Have you ever felt that your meditation practice has become stale or monotonous? It’s not the meditation itself that’s at fault but rather the mind’s discomfort with the process of detoxing and rediscovering the true self.

Don’t give up on meditation! Sometimes, all you need is a fresh perspective or a different approach to reignite your practice. Below, I’ve outlined several meditations designed to bring you back to the present moment – to “be in the moment,” “let it be,” “let go,” and “go with the flow.”

Understanding “Let It Be” and “Be in the Moment”

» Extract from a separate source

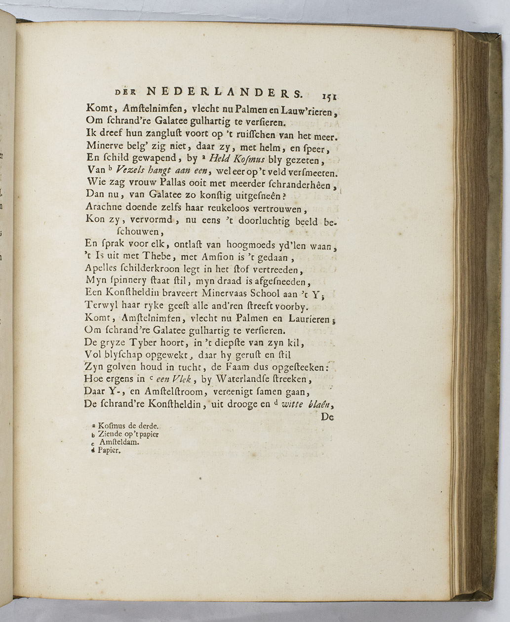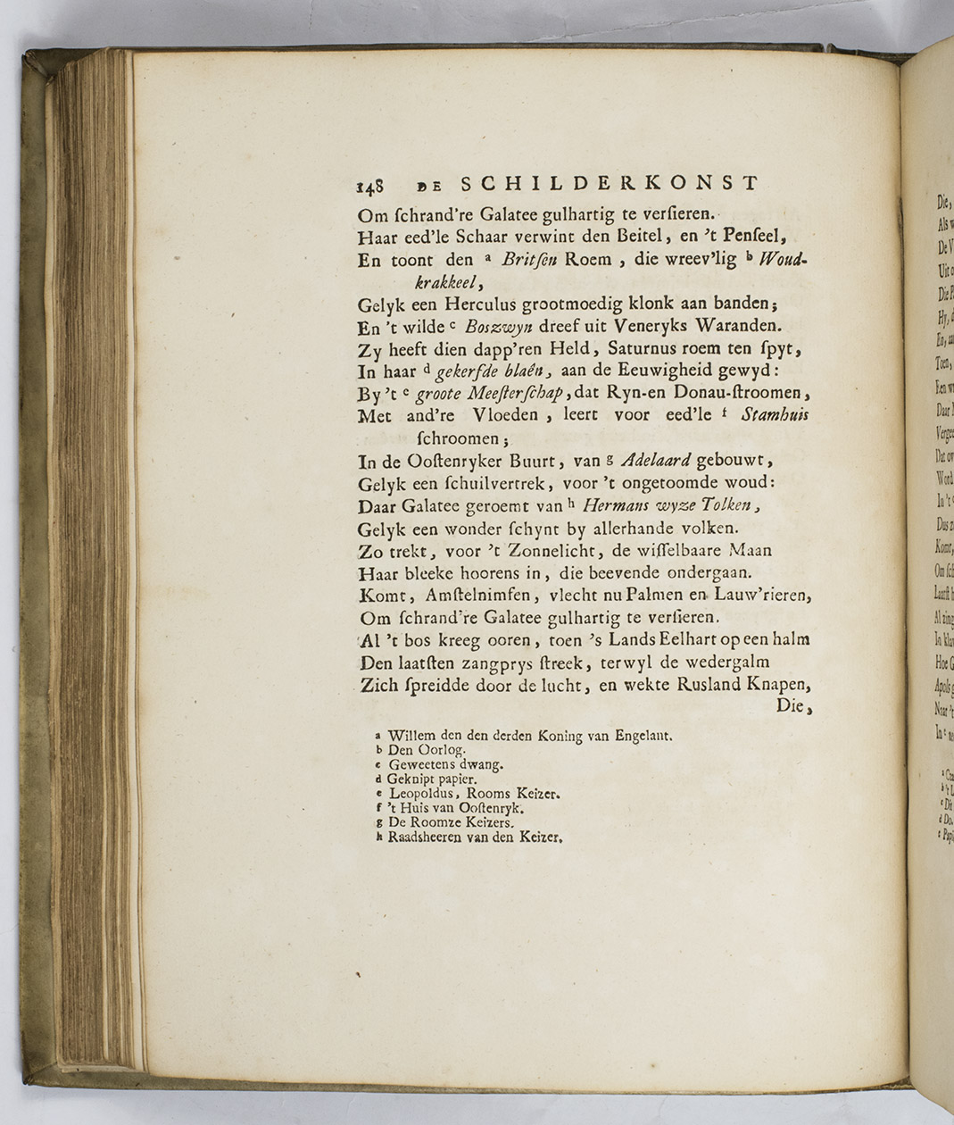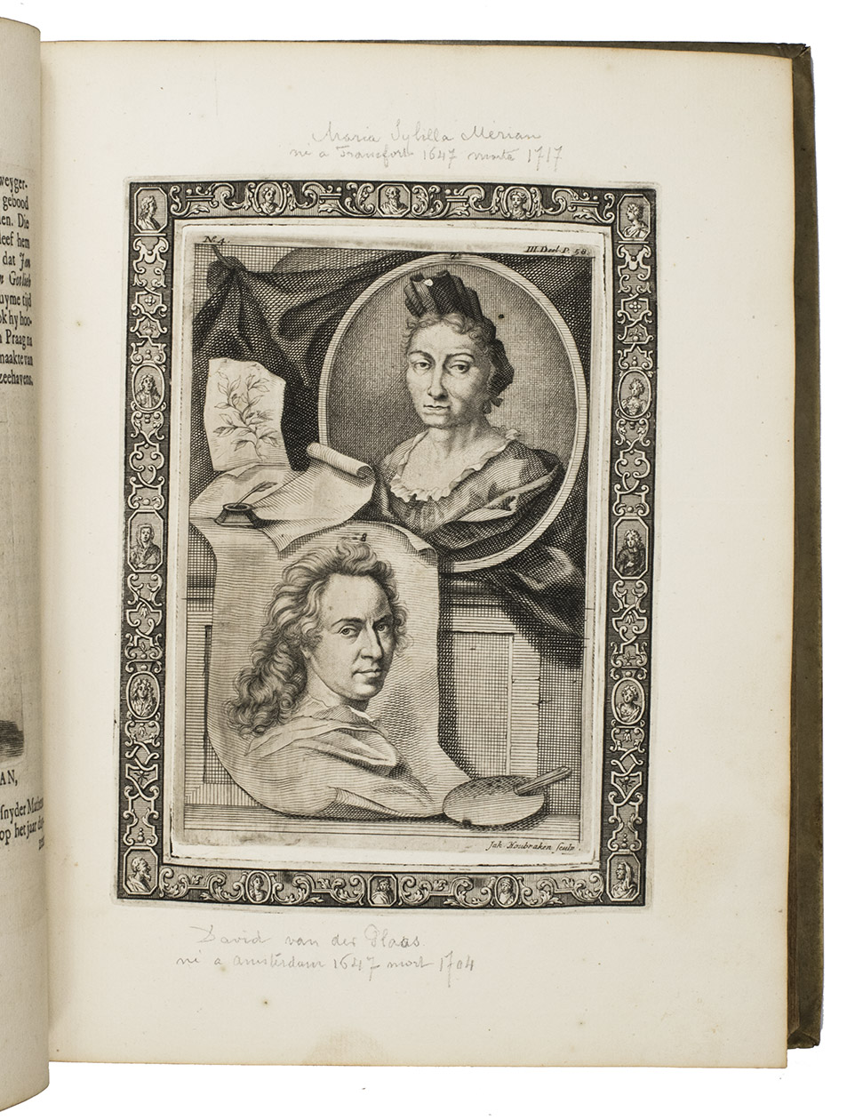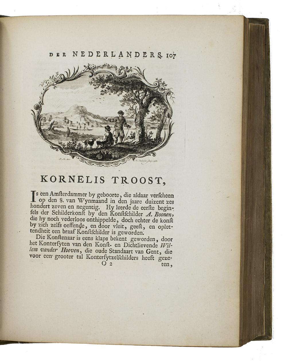 The Hague, widow of E. Boucquet, H. Scheurleer, F. Boucquet, J. de Jongh, 1729 (vols. 1-3); Dordrecht, Ab Blussé & son, 1769 (vol. 4). 4 volumes. 4to. With an engraved frontispiece, title-pages in red and black and with engraved vignettes, a folding portrait of Willem Karel Hendrik Friso (1711-1751), Prince of Orange and from 1747 hereditary Stadtholder Willem IV, a portrait of the author, 40 engraved plates by Houbraken with multiple portraits of artists on each plate, 1 plate with a night scene, 1 mezzotint and 118 engraved vignettes. Contemporary blind-tooled vellum with manuscript titles on spines. Sprinkled edges. [16], 412, [6]; [4], 412, [6], [4], 446, [4].

We often come across these phrases on social media, but what do they truly mean? Can we genuinely “let it be,” “be in the moment,” “let go,” or “go with the flow”? The answer lies in our meditation practice.

How to Practice?

Broadly speaking, we practice by letting go of the need to know. We can relinquish our certainties, seeing them for what they are: just attempts to hold onto a sense of control. Embrace the state of not knowing and rest in the innocence of unknowing.

We practice by not getting entangled in the conceptual mind, allowing it to perform its “monkey dance” without our engagement. This involves observing without interpreting or evaluating every experience, as our minds are constantly doing.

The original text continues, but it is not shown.